Presbyterian churches, at 92 percent, are the major denominational group most likely to be using the Internet. Most other major denominational groups were about average, but Baptists from outside the Southern Baptist Convention, such as Progressive Baptists, Missionary Baptists and American Baptists, are much less likely than others to make any use of the Web (54 percent). In general, mainline and evangelical churches do not differ much in church use of the Web.

The study also explored Web content among churches with active Internet sites. Only four types of content are provided by a majority of all Protestant churches with a website. Seventy percent provide a map and/or directions to the church, 65 percent provide a calendar of upcoming events, 60 percent post a statement of beliefs and 56 percent have pages for specific ministry departments, Ellison reported. In addition, half provide staff e-mail addresses on their site.

Forty-three percent of churches provide denominational information on their websites while 42 percent list staff biographies, 42 percent post special pages for youth, 38 percent carry a church newsletter online, 27 percent provide an electronic way to submit prayer requests and 25 percent give information about joining a small group.

Among content less likely to appear on a church website are Bible study material or helps, sermon transcripts, upcoming sermon titles or topics, sermons available in streaming audio, a bulletin board, forum or chat room, sermons in streaming video, testimonies and a way to donate online.

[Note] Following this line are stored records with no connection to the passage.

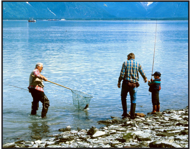
A young Allison Point shore angler has help landing a pink salmon.

Licenses and stamps can be purchased at most grocery stores and tackle shops or on-line at www.adfg.alaska.gov/store .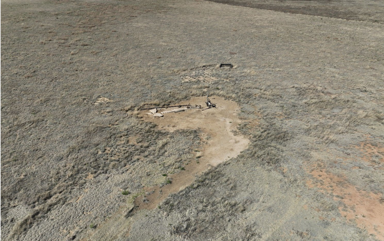
Photo 1. Drone photo (taken on 5/8/24) facing down toward the wellsite. There is an area with no vegetation which appears impacted soil from a historical spill.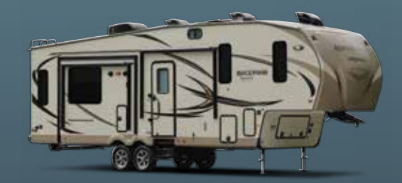
Diamond Package Exterior

The Unloaded Vehicle Weight (UVW) listed represents the weight of one trailer with tha model's standard equipment including the content of specified Option Packages.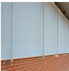
MFP wind protection pipe sets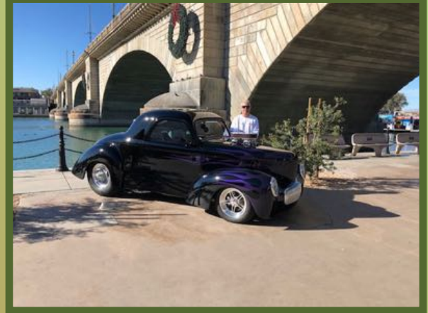
1941 Willy's Coupe Blown 392 Hemi COLOR: Black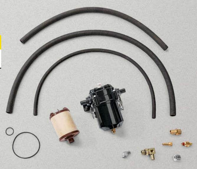
RE532962 Closed Crankcase Ventilation Kit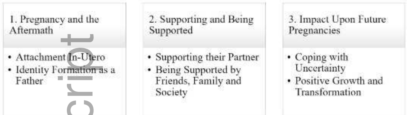
Figure 2. Key Themes and Subthemes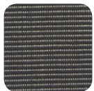
Charcoal Tweed (R770)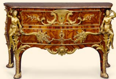
Commode 'with nymphs' , Charles Cressent, Paris, c. 1730/1735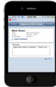
Get notified, take action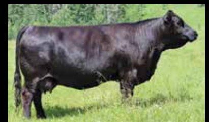
Skors Black Mickey 246Z: Dam

Inset: GG Blazin' Mickey 22M: Full Sister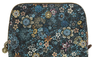
NEW | 51.274.232 Coby Cosmetic Bag Triangle Medium 24/17x8x16.5 cm Tutti i Fiori Blue 60% Polyester - 40% PVC Compartment: 1 - Pockets: 3 - Ltr: 1.2 1/24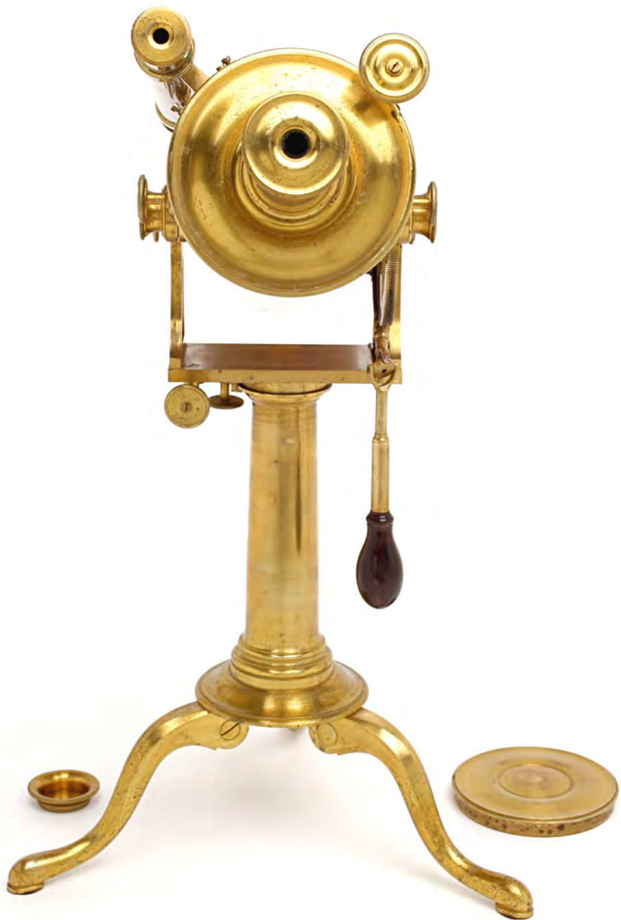
TRE8 10-mm Naime Reflecting Telescope with slow-motion control, c. 1760?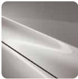
Platinum Quartz Metallic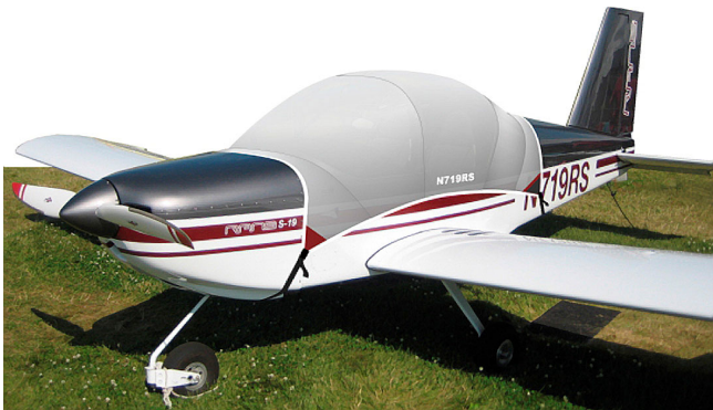
Rans S-19 Canopy Cover (illustration)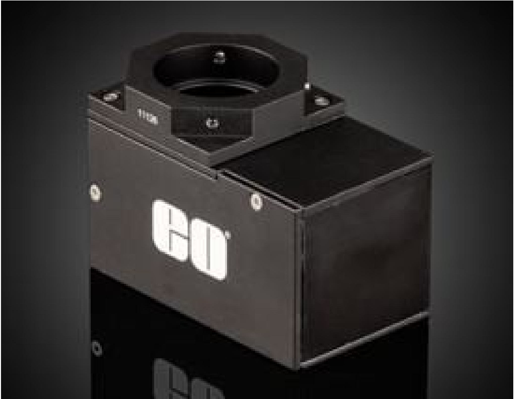
Optical Axis Offset Prism Adapter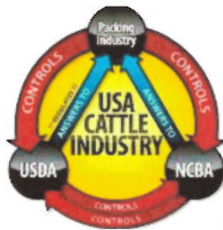
Diagram of the U.S. Cattle Industry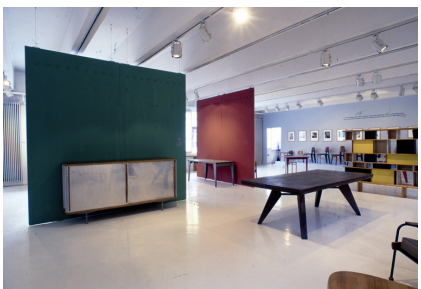
28 Jean Prouvé 12 – 22 april 2000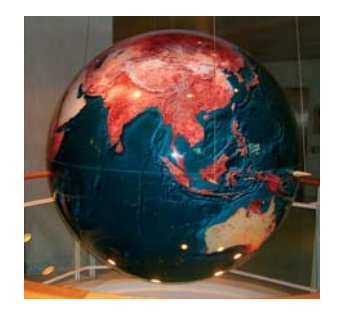
Many commissions are working with the United Nations and the World Bank on implementing the Millennium Development Goals.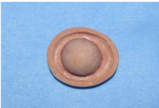
Fig 5: Die stone mould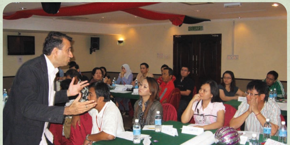
One of the many dynamic speakers in action

Larger churches are not only dramatically more likely to have a church website than are smaller churches, but their sites tend to be more sophisticated with far more content, the study said.

For example, 60 percent of large churches with a website provide special pages for youth or teens, compared to only 25 percent of small churches. Forty-five percent of large churches provide information about joining a small group, compared to just 8 percent of small churches. And 65 percent of large churches provide staff e-mail addresses, versus only 37 percent of small churches. About the only common type of content equally likely to appear on church websites regardless of the size is denominational information.

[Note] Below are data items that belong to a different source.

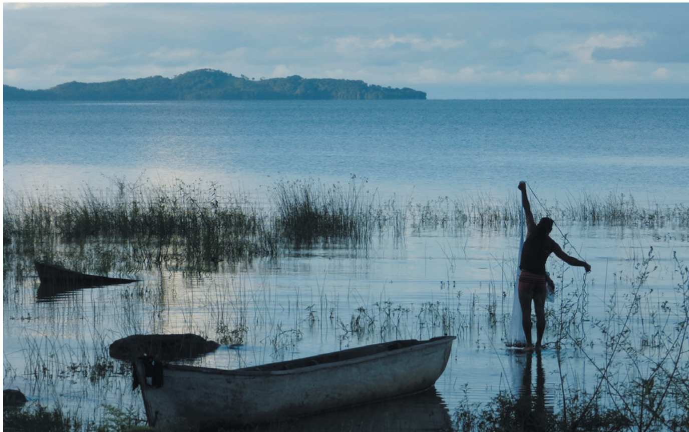
Lake Nicaragua is the largest drinking-water reservoir in Central America and is home to fish species key to evolutionary science.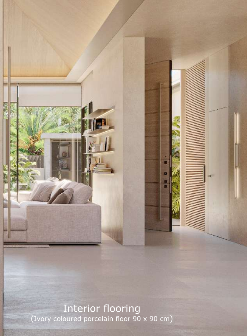
Interior flooring (Ivory coloured porcelain floor 90 x 90 cm)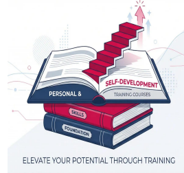
دورات المهارات الشخصية وتطوير الذات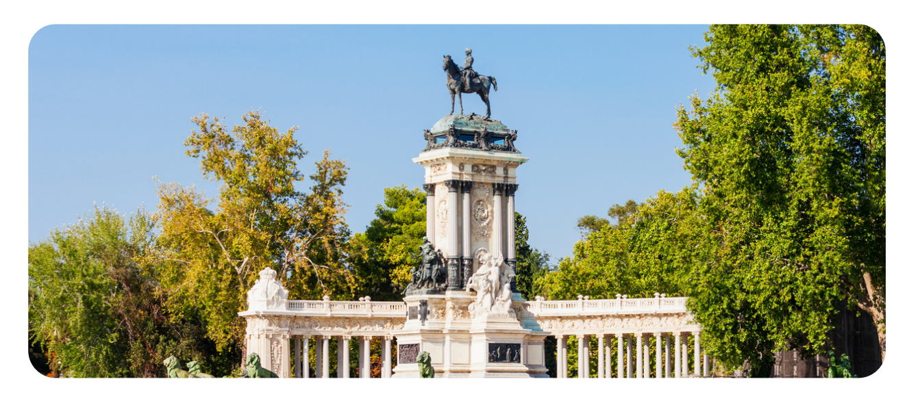
If you're still curious to explore the other treasures to be found in Madrid, there are numerous charming and unusual corners that are guaranteed to captivate you.

Mainline and evangelical churches differ somewhat in their Web content. Mainline churches with a website are more likely than evangelical congregations to have a regular church newsletter on their site (46 percent to 32 percent). But evangelical churches tend to have more content and more diversity on their sites, as they are more likely than mainline churches to provide a statement of beliefs (72 percent to 36 percent), special pages for youth (48 percent to 34 percent), a way to submit prayer requests online (27 percent to 15 percent), Bible study materials or helps (26 percent to 10 percent), sermons in streaming audio (17 percent to 6 percent), and testimonies (7 percent to 1 percent).

Ron Sellers, president of Ellison Research, said the study confirmed the company’s previous research showing a growing technology gap between larger and smaller churches.

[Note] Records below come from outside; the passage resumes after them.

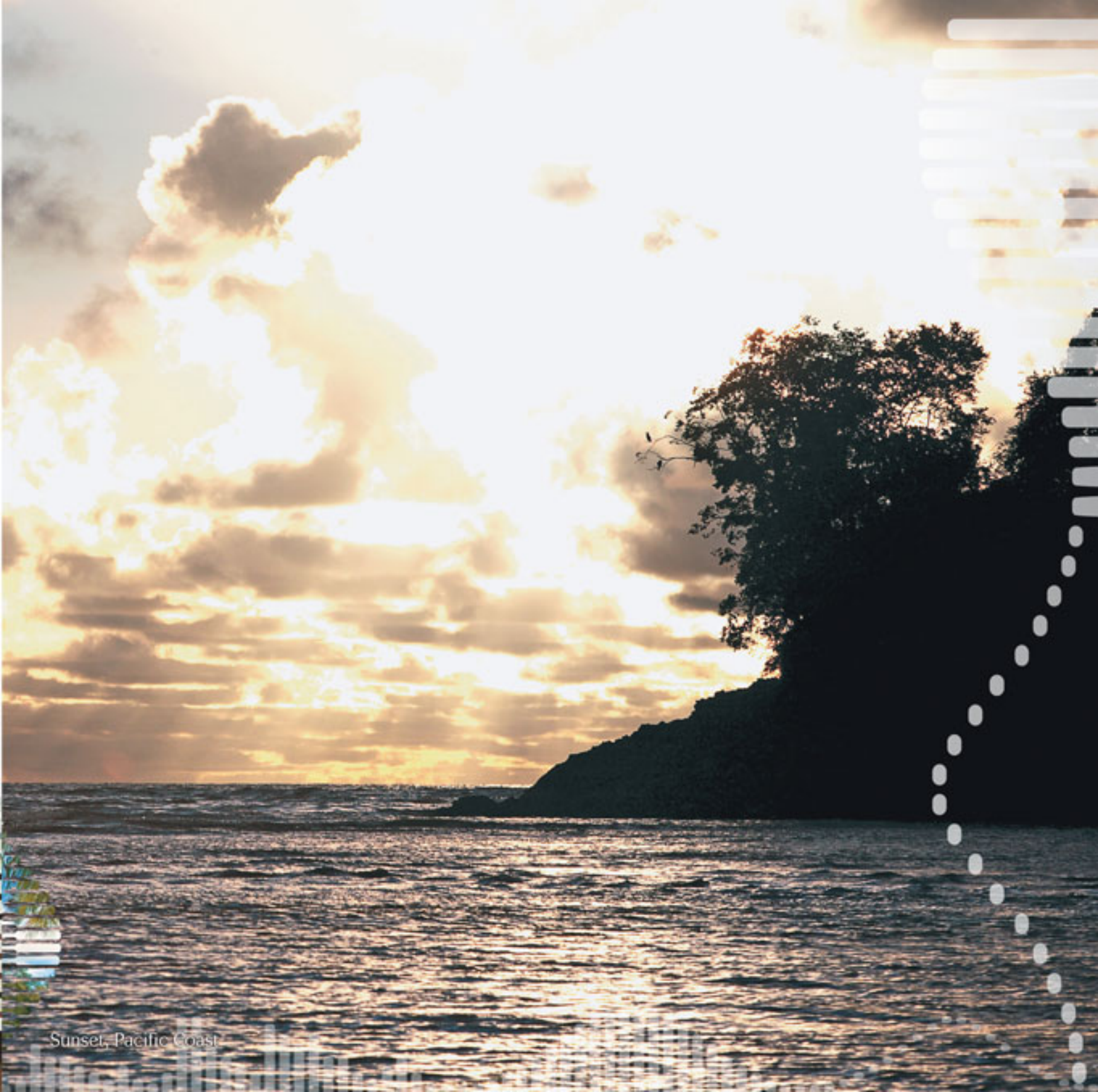
Sunset, Pacific Coast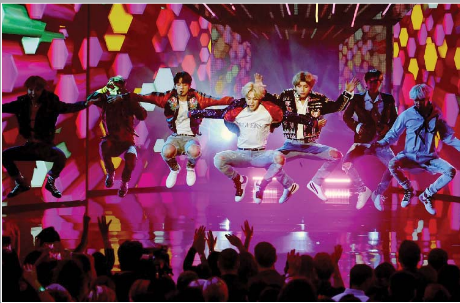
MAKING HISTORY! K-Pop Superstars BTS made history on Sunday night as the first Korean pop group to perform at the American Music Awards 2017.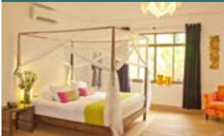
STUDIO (23 - 55 sqm*)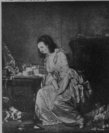
THE BROKEN MIRROR. 6 in., 12 in., 15 in.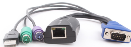
VNETX-CX1 Combined WUXGA KVM Cable over Cat5

“Not only are larger churches far more likely to have a website, but they have much more content available for visitors to their sites,” Sellers said. “Their sites are also much more interactive, with ways to contact staff, learn about upcoming events, watch streaming audio or video and submit prayer requests.”

But Sellers also noted that even large churches infrequently take advantage of the many ways the Internet can impact ministry and communication.

“Even among larger congregations, only a minority have a website where visitors can interact with other visitors, get help studying the Bible, get involved in a small group, learn about the pastor’s background or submit a prayer request,” Sellers said. “Businesses of all sizes are learning how to incorporate the Internet into a broader communication and marketing strategy, using their website to take orders, interact with customers, educate people and promote the brand.

“Many church sites, on the other hand, are limited to static information such as a map to the church and a statement of beliefs,” Sellers said. “Increasingly, churches need to determine whether they want to have an online site or an online ministry. Right now, most only have the former, if they have anything at all.”